_YOUR OBJECTIVE:_ From the line below that contains "特別是狗狗露出牙齦的時候,就表示非常不開心了!(而且看起來好可怕)3. 豎毛4. 把腳打開,讓自己看起來更大!" to the line that contains "YouTube uygulamasını başlatın,Siz>", repeat every line exactly, both ends included, and nothing else.

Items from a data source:
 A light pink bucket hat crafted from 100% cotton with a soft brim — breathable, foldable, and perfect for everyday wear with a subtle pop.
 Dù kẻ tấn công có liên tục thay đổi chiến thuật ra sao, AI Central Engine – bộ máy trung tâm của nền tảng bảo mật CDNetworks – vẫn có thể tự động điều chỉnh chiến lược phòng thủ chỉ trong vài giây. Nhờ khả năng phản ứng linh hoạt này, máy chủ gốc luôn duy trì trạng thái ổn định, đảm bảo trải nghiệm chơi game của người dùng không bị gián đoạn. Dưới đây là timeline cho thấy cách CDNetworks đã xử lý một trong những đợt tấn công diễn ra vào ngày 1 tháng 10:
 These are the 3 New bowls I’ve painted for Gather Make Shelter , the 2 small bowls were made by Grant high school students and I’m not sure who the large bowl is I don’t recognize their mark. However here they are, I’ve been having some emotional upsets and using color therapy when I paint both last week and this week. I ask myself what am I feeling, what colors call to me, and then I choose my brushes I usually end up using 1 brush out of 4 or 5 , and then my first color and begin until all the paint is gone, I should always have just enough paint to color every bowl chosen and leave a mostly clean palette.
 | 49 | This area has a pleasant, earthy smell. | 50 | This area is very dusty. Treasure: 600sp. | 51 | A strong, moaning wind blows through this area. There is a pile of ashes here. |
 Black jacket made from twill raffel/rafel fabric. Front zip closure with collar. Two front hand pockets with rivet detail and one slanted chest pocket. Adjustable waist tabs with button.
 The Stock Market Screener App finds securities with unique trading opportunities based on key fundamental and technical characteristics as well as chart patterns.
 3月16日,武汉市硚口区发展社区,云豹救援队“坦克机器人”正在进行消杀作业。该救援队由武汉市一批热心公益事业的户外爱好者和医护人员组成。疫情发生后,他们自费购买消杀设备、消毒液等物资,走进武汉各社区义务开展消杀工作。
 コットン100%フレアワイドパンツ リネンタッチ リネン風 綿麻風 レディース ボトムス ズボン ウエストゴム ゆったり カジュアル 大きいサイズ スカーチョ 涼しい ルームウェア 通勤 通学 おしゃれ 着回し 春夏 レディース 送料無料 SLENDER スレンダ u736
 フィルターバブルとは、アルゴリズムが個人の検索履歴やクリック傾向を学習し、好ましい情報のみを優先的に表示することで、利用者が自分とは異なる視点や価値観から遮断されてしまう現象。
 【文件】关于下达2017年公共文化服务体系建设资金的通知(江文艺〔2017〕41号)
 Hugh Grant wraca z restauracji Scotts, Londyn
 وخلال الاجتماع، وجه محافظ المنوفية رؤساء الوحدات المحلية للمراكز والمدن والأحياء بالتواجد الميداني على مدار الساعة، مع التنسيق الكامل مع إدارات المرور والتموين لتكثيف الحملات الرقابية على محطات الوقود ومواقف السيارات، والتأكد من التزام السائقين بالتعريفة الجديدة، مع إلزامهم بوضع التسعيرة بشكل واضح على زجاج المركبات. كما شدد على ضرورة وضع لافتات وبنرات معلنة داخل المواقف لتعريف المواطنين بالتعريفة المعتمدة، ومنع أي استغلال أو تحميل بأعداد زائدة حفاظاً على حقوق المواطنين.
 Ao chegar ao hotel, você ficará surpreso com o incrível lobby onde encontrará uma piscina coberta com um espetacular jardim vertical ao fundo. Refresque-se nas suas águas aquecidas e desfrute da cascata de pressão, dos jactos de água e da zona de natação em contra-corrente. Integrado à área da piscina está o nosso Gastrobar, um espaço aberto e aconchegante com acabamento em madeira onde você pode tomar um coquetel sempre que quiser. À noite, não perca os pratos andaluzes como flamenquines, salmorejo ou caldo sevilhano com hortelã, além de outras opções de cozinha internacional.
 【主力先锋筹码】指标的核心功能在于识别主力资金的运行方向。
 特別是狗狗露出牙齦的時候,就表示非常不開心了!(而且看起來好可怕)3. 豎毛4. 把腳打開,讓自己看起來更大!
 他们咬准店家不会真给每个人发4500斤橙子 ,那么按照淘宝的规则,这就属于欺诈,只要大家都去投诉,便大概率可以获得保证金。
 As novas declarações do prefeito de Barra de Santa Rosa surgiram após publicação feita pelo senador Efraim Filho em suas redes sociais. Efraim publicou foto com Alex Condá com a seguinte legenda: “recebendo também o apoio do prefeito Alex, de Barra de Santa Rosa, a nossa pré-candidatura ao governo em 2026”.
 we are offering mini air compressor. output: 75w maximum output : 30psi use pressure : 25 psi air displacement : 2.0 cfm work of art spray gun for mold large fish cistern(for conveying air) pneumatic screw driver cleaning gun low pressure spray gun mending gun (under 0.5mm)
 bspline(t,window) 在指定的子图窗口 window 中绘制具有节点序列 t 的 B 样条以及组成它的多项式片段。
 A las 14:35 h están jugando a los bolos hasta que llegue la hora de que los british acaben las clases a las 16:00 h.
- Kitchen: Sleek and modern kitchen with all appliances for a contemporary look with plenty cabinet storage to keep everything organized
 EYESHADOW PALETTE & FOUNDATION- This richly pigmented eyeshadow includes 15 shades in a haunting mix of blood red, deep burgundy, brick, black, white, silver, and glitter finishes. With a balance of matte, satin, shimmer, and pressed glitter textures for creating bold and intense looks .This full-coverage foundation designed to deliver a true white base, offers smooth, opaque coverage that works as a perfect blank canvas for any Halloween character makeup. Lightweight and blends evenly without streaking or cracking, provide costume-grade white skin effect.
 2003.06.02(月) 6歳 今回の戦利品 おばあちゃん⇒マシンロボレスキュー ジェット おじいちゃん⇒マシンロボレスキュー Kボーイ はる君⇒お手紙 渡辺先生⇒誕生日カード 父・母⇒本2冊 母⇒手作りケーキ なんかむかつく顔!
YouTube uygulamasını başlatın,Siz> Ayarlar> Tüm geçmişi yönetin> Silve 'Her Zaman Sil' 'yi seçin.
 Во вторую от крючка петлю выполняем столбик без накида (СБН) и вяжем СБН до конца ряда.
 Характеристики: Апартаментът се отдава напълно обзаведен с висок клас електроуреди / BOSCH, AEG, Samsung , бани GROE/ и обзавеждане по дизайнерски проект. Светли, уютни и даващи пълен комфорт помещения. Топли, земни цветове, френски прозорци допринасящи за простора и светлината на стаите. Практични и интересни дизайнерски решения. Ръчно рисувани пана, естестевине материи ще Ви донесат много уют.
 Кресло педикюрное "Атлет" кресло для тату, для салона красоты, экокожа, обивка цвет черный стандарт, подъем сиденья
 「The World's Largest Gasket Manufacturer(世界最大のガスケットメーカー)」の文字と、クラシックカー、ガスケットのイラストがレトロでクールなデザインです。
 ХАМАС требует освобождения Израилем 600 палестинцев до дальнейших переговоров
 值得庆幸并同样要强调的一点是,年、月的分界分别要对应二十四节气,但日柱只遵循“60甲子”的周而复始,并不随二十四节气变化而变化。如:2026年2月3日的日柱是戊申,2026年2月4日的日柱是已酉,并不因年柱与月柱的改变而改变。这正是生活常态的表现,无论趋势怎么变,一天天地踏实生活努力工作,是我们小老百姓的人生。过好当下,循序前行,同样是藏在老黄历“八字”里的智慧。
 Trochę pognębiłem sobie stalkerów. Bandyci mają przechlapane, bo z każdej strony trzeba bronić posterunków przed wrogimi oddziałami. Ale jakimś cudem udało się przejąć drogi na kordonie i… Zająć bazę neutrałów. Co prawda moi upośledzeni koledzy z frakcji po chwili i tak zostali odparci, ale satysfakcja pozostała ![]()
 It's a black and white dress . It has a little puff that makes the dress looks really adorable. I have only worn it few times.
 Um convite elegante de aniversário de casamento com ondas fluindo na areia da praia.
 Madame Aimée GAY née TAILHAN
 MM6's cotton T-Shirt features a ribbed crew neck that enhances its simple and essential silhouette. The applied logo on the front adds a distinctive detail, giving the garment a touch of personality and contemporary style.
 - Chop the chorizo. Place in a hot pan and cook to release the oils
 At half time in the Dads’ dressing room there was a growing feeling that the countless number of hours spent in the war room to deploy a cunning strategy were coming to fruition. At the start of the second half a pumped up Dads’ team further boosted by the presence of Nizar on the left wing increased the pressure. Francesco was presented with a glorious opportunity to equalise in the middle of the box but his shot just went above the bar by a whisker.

_RESPONSE TO THIS EXERCISE:_
 特別是狗狗露出牙齦的時候,就表示非常不開心了!(而且看起來好可怕)3. 豎毛4. 把腳打開,讓自己看起來更大!
 他们咬准店家不会真给每个人发4500斤橙子 ,那么按照淘宝的规则,这就属于欺诈,只要大家都去投诉,便大概率可以获得保证金。
 As novas declarações do prefeito de Barra de Santa Rosa surgiram após publicação feita pelo senador Efraim Filho em suas redes sociais. Efraim publicou foto com Alex Condá com a seguinte legenda: “recebendo também o apoio do prefeito Alex, de Barra de Santa Rosa, a nossa pré-candidatura ao governo em 2026”.
 we are offering mini air compressor. output: 75w maximum output : 30psi use pressure : 25 psi air displacement : 2.0 cfm work of art spray gun for mold large fish cistern(for conveying air) pneumatic screw driver cleaning gun low pressure spray gun mending gun (under 0.5mm)
 bspline(t,window) 在指定的子图窗口 window 中绘制具有节点序列 t 的 B 样条以及组成它的多项式片段。
 A las 14:35 h están jugando a los bolos hasta que llegue la hora de que los british acaben las clases a las 16:00 h.
- Kitchen: Sleek and modern kitchen with all appliances for a contemporary look with plenty cabinet storage to keep everything organized
 EYESHADOW PALETTE & FOUNDATION- This richly pigmented eyeshadow includes 15 shades in a haunting mix of blood red, deep burgundy, brick, black, white, silver, and glitter finishes. With a balance of matte, satin, shimmer, and pressed glitter textures for creating bold and intense looks .This full-coverage foundation designed to deliver a true white base, offers smooth, opaque coverage that works as a perfect blank canvas for any Halloween character makeup. Lightweight and blends evenly without streaking or cracking, provide costume-grade white skin effect.
 2003.06.02(月) 6歳 今回の戦利品 おばあちゃん⇒マシンロボレスキュー ジェット おじいちゃん⇒マシンロボレスキュー Kボーイ はる君⇒お手紙 渡辺先生⇒誕生日カード 父・母⇒本2冊 母⇒手作りケーキ なんかむかつく顔!
YouTube uygulamasını başlatın,Siz> Ayarlar> Tüm geçmişi yönetin> Silve 'Her Zaman Sil' 'yi seçin.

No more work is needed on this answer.